Disons que c’est un retour au dessin. J’ai toujours dessiné, des fanzines, des illustrations pour la publicité
et même un premier projet de BD en 1993 signé chez Soleil Production. Mais l’éditeur a coulé ...
le projet avec. Et le pire c’est que je n’ai même pas pu récupérer les planches, soit disant disparues dans
la nature! Suite à cette grosse déception, j’ai abandonné la BD.

J’ai effectué ma formation de tailleur de pierres chez les compagnons.Étant ornemaniste, j’ai beaucoup dessiné pour l’élaboration de mes sculptures. Pendant des années, j’ai taillé la pierre
avec plaisir et ça me permettait d’avoir aussi une démarche artistique. Mais la maladie du tailleur de pierres m’est tombée
dessus: le dos en vrac! Alors je me suis dit qu’il fallait faire ce que je désirais faire avant tout, et c’était de la BD. Et
lorsque je me suis retrouvé avec un scénariste et un éditeur, il n’y avait plus qu’à!

Et pour la colorisation?

Laurent: Les premières planches étaient en couleur directe. On a d’ailleurs intégré une de ces planches à la BD. Mais
pour le reste, si le crayonné et l’encrage sont fait sur feuille, la couleur est faite à l’ordinateur.

Stéphane: Laurent a accompli un tour de force pour la colorisation de l’album. Un matin, il passe à la maison et me dit
qu’il a décidé d’acheter un ordinateur pour la couleur. Il n’avait jamais touché un ordinateur de sa vie! Je lui ai montré
les rudiments pour utiliser GIIMP. Six mois après, sans aucune formation, la BD était entièrement colorisée!

Stéphane, comment êtes-vous rentré en contact avec un éditeur caribéen depuis Melle et pourquoi avoir choisi spécialement
un éditeur des DOM-TOM?

Il y a 2 ans, on avait envoyé le projet à beaucoup d’éditeurs BD et à un éditeur régional. Aucune réponse positive. À Angoulème
2010, j’ai découvert Caraïbéditions que je ne connaissais pas. J’étais ravi de découvrir un éditeur BD avec une
sensibilité domienne. Même si je vie aujourd’hui en métropole, c’est un projet en grande partie guyanais.

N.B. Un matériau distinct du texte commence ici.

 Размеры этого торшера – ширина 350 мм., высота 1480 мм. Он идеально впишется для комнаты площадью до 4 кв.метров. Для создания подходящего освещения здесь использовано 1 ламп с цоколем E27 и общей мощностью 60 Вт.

J’ai commencé à l’écrire le scénario dans mon hamac à Saint Laurent du Maroni. Et je voulais absolument ancrer cette
histoire entre la Guyane d’aujourd’hui et celle du bagne. Aussi, quand j’ai présenté le projet à Florent Charbonnier de
Caraïbéditions, il a tout de suite accroché.

Comment la collaboration avec Caraïbéditions s’est-t’elle passée?

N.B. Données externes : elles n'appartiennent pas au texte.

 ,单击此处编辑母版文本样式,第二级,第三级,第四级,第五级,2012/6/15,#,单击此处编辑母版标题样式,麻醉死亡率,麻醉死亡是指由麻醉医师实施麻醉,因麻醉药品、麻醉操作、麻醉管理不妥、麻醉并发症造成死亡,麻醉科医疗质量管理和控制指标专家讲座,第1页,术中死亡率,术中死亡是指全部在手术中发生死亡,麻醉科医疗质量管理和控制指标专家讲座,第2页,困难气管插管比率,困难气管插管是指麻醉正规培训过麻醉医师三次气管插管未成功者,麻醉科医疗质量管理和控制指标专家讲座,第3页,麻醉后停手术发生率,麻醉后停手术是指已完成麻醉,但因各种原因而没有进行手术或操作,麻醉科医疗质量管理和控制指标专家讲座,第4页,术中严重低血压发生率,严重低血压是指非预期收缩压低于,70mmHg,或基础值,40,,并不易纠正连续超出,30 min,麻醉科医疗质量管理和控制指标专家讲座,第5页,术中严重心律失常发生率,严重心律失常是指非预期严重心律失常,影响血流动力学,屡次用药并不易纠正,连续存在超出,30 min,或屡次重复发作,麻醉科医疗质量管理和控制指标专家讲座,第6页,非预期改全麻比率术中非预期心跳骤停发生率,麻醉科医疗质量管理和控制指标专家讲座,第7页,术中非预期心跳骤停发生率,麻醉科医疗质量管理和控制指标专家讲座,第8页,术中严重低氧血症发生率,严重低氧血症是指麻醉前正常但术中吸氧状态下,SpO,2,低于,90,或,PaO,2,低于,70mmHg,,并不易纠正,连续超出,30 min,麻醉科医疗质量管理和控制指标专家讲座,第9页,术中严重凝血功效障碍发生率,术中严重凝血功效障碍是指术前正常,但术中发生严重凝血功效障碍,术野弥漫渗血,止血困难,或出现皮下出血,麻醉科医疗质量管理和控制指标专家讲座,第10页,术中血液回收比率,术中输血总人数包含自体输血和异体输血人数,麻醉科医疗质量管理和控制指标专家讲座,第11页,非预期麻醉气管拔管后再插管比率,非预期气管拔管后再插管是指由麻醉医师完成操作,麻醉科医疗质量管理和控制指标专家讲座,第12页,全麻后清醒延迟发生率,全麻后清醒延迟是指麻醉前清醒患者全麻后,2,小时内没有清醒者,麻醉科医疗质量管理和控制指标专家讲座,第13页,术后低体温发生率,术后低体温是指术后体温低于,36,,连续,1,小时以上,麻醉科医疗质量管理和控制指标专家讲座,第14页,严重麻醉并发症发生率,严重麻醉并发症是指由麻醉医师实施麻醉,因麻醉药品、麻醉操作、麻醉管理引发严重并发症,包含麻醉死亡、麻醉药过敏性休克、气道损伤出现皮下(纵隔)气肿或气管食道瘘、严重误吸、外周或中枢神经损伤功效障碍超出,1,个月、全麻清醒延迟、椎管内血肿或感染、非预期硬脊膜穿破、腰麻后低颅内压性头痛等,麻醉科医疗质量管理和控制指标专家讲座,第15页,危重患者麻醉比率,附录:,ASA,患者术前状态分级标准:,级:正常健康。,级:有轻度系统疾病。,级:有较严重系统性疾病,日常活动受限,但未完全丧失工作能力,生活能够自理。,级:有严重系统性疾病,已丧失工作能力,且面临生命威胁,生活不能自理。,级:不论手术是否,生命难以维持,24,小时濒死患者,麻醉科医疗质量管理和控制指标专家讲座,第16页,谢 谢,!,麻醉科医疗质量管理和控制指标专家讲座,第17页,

Stéphane: Pour la suite, la BD a vraiment été faite à trois. J’écrivais et découpais les planches puis Laurent re-découpait
(toujours en mieux!!) et dessinait. On envoyait les scans à Florent qui nous faisait part de ses remarques sur le découpage,
les dessins, les couleurs et les dialogues.

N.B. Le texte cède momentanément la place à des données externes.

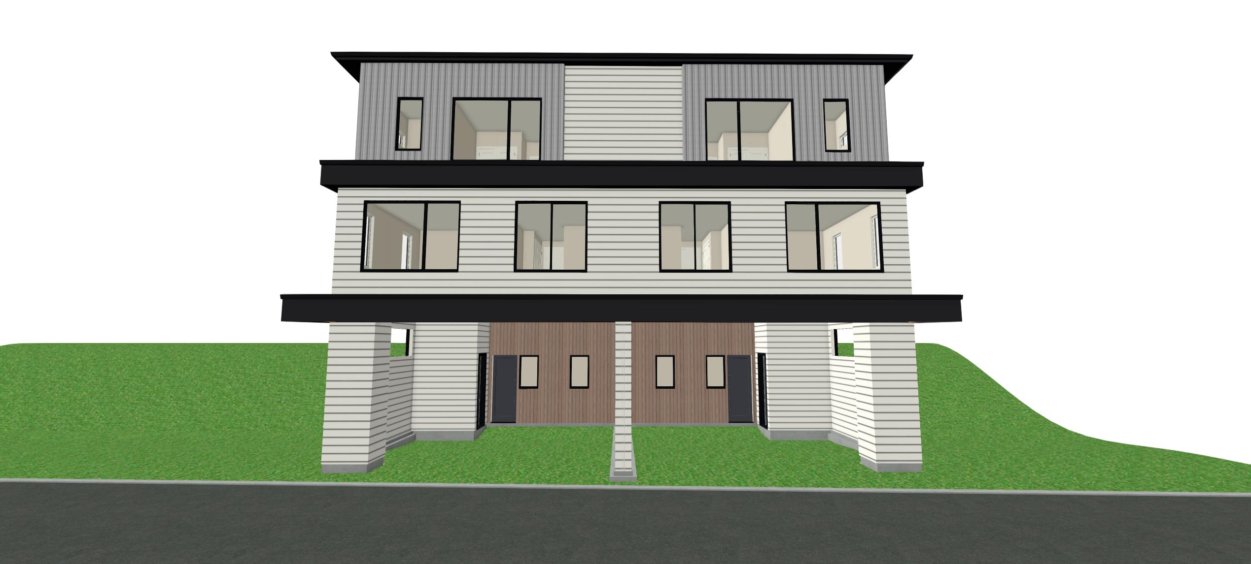 add concrete driveway landscaping and sunset in the background add more color contrast to the house materials

Il nous a poussé et aidé à nous remettre sans cesse en question pour améliorer l’ensemble. Vous imaginez trois quadras
passionnés de BD... c’était une aventure humaine épanouissante!

Melle est toute proche d’Angoulème; serez-vous au Festival de la BD en janvier prochain?

Laurent: Je vais à Angoulème depuis la création du festival. Au début des années 80, je collaborais à
un fanzine, «Zone de rêves». Et je peux dire que j’ai assisté à la naissance du festival de l’intérieur. Je
me souviens d’un petit débutant à lunette qui m’avait dédicacé son premier
bouquin... des histoires de Chat. Enfin, ce qui change pour janvier prochain, c’est que je suis de
l’autre côté de la table pour les dédicaces.

Messieurs, un second tome? Une suite? Un nouveau one-shot?

Laurent: Cette collaboration a trois nous a donné envie de continuer à travailler ensemble. Soit
sur un nouveau projet, soit sur une suite.

«Aux îles, point de Salut» peut être lu comme un one-shot mais nous avons laissé une porte
ouverte pour une suite. Le scénario est déjà écrit.

Stéphane: Après la suite, une adaptation au cinéma par Clint Eastwood... (rires) ou mieux, par
Djamel. On peut toujours rêver... parfois ça se réalise.
Et depuis la sortie d’«Aux îles, point de salut», on évolue en zone de rêve!